I love that this is a thread, and not that there needs to be a "flaw" to this book that is wildly ambitious and achieves so so much (I am reminded nearly every day as I read through for the second time), but it is yes more than a little clear that a male perspective dominates here*. Hal/Orin/Mario/Don Gately even M Pemulis seem so alive to me in a way that the women do not. Avril, Madame Psychosis, Kate Gompert don't quite live for me, except through a mostly male vision (all are described repeatedly in sexual/physical terms--which is likely not how they see themselves--and one particular descriptive comparison of Avril as a no longer ripe fruit to Joelle the ripe fruit had me cringing. Which I rarely do, or at least not in that way. But I did. Sorry).
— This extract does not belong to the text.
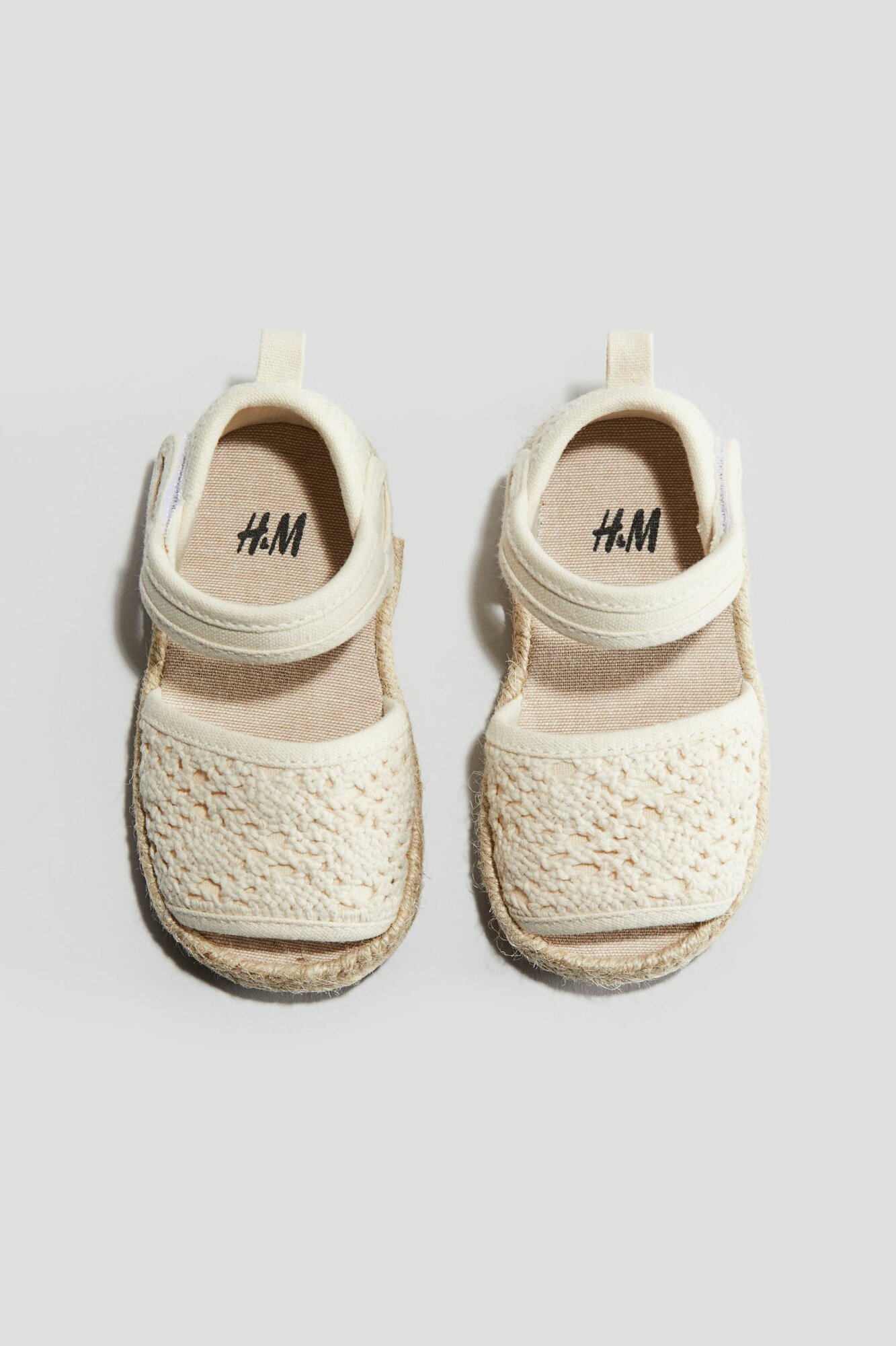 Сандалии H&M кружевные с широким ремешком, размер 24,бежевый

I don't see it as a huge problem, but you know, it is a limit. And I think it's interesting that Brief Interviews With Hideous Men seems to take up this limit and push it to another level entirely. As in, the audience is a woman. Explicitly. The Object/Subject thing is explored in more depth. If you haven't read that, I HIGHLY recommend reading it after you've finished IJ. It was (I think?) his next book, and it seems to me a clear, complicated and sometimes scary progression (in terms of sexual/gender politics) beyond what he's doing here.
*It's funny, I once tried to posit DFW the incarnation of V Woolf's "androgynous writer" which she theorized about in A Room of One's Own. Because I feel like there is an openness there--but when it comes to IJ, it just doesn't work.